The character of Bangladesh is being rewritten. What was once a secular republic is now being reshaped in the image of a pro-Pakistan, Taliban-style theocracy.
Bangladesh is being turned into a terrorist corridor, an ideological outpost to serve regional interests — not the dreams of its people.
Democracy Dead, Media Gagged, Law Discarded
There is no press freedom left in Bangladesh. Journalists who reported on the Gopalganj massacre were harassed. Some have disappeared. National dailies have resorted to vague headlines and half-truths — not by choice, but by coercion.
Human rights groups estimate that over 160 people were arrested after the Gopalganj incident. In reality, locals say the number is far higher. No charges. No trials. Just night raids, mobile court orders, and forced confessions. Hospitals were ordered not to treat the wounded. Emergency supplies were blocked.
The law is no longer a shield for the people. It is now a weapon of the regime.
And the economy? It’s in free fall. The currency has collapsed. Remittances have dried up. Investors are fleeing. The country that once stood as a symbol of resilience in South Asia is now becoming an economic basket case, dependent on bailouts and backroom deals.
The Resistance Rises
But dictatorships always forget one thing: People remember.

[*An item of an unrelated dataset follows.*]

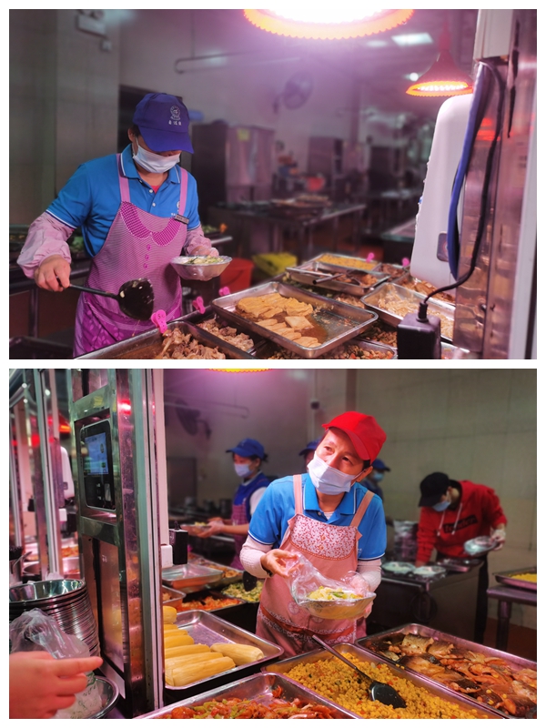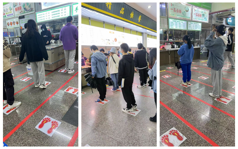 实施三种模式,确保就餐安全卫生。一是实行“早核酸晚自测”监管模式,加强食堂人员管理,全程佩戴口罩和一次性橡胶手套;二是实行“面对面隔离”勿扰模式,餐桌设立就餐隔离挡板,采取错峰就餐的方式;三是实行“一米距离”规范模式,食堂地面贴标识,就餐排队保持一米距离,避免因人员密集产生安全隐患。
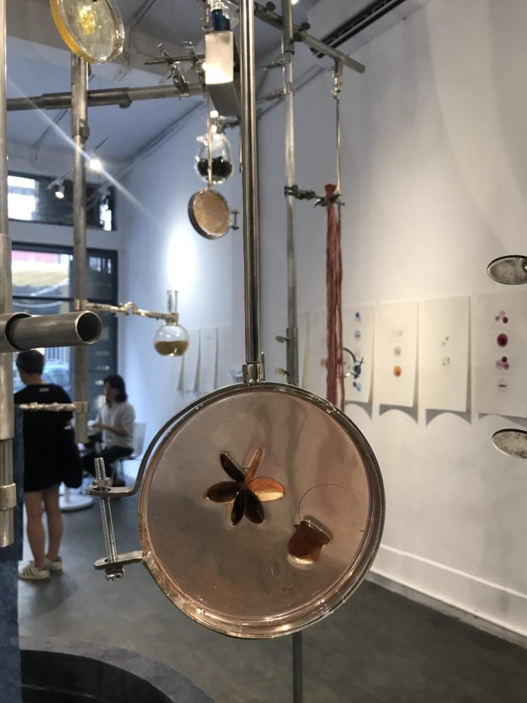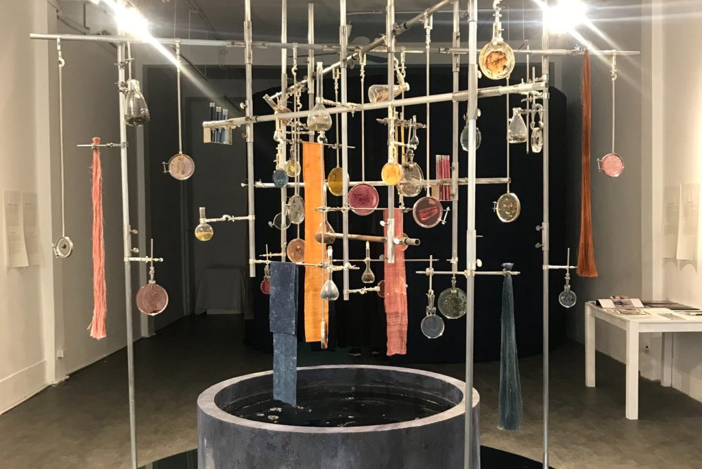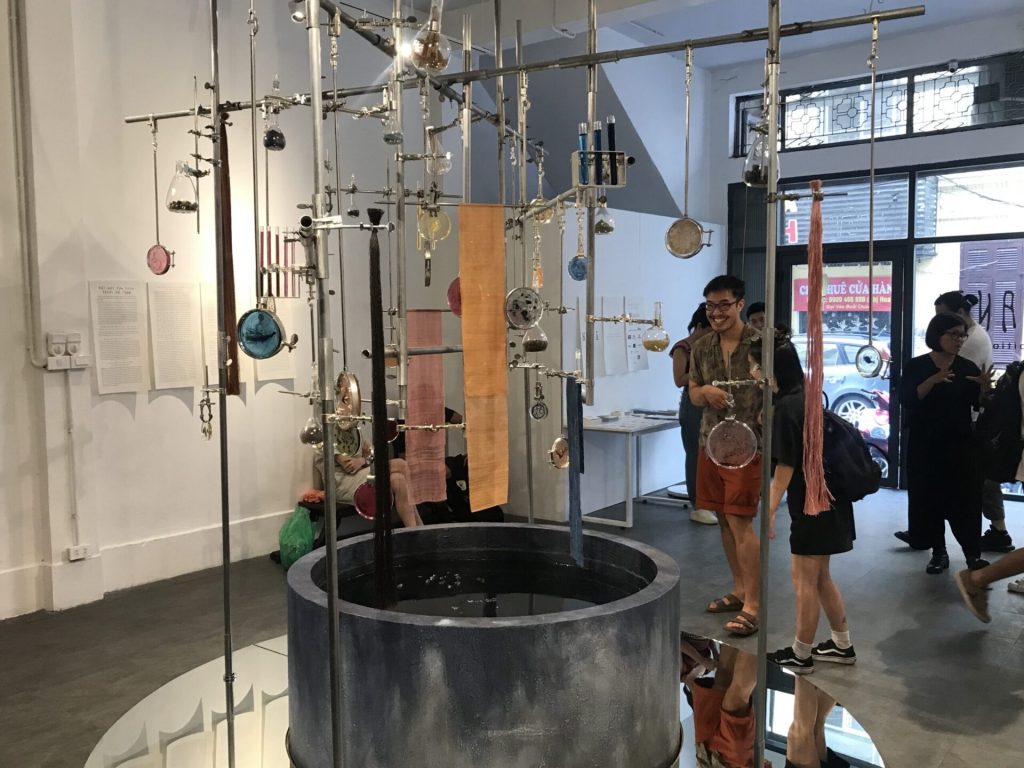 Triển lãm sắp đặt gồm hai tác phẩm, đầu tiên là Phòng Thí nghiệm cao khoảng 2m và bán kính khoảng 1m đặt giữa không gian triển lãm, gây ấn tượng mạnh với người xem. Ở giữa tác phẩm là một bể màu chàm – một thành phần trong kĩ thuật nhuộm màu tự nhiên của các dân tộc ở Việt Nam. Bên trên đó, rất nhiều chi tiết trong chu trình dệt – nhuộm truyền thống như các loại lá, hoa được sử dụng để nhuộm vải hay các loại bột sau công đoạn chế biến được sắp đặt trong các loại ống nghiệm với hình dáng và kích thước khác nhau, sắp đặt theo mô phỏng một cuộc thí nghiệm hiện đại. Màu sắc bắt mắt và bố cục cân xứng của tác phẩm tạo ra cảm giác hài hòa. Ngược lại, sự tương phản từ cấu trúc dạng tròn của bể chàm và các ống nghiệm và các thanh xuyên thẳng, đâm ngang, cũng như sự đối lập giữa các chất liệu cứng, chắc và những dải vải, bó sợi mềm mại phất phơ tạo nên sự phức tạp thú vị.

People resist.
As news of the massacre spread, former Prime Minister Sheikh Hasina issued a powerful statement. She did not mince words. She called Yunus a “murderer-fascist,” accused him of selling the country, and declared this the final battle for Bangladesh’s soul.
Her party, the Awami League, has launched a “Long March to Jamuna” — not just to protest, but to reclaim. Protesters are now mobilising across the country. The streets are no longer silent. Gopalganj may have burned, but its people have lit a fire that may engulf the regime.
Bangladesh at the Brink
What happened on July 16 was not just a tragedy. It was a signal.
That the rule of law is gone.
That the constitution is irrelevant.
That democracy is dead.
That Bangladesh, the country born out of sacrifice and struggle, is now ruled by those who want to erase that very legacy.
This is not politics. This is a fight for national identity. Will Bangladesh become a militarised, pro-Pakistan, extremist outpost? Or will it rise — from the ashes of Gopalganj — and reclaim its founding values?
The world must watch. The world must speak. And the people of Bangladesh must decide.
Because history is watching — and it will not forget.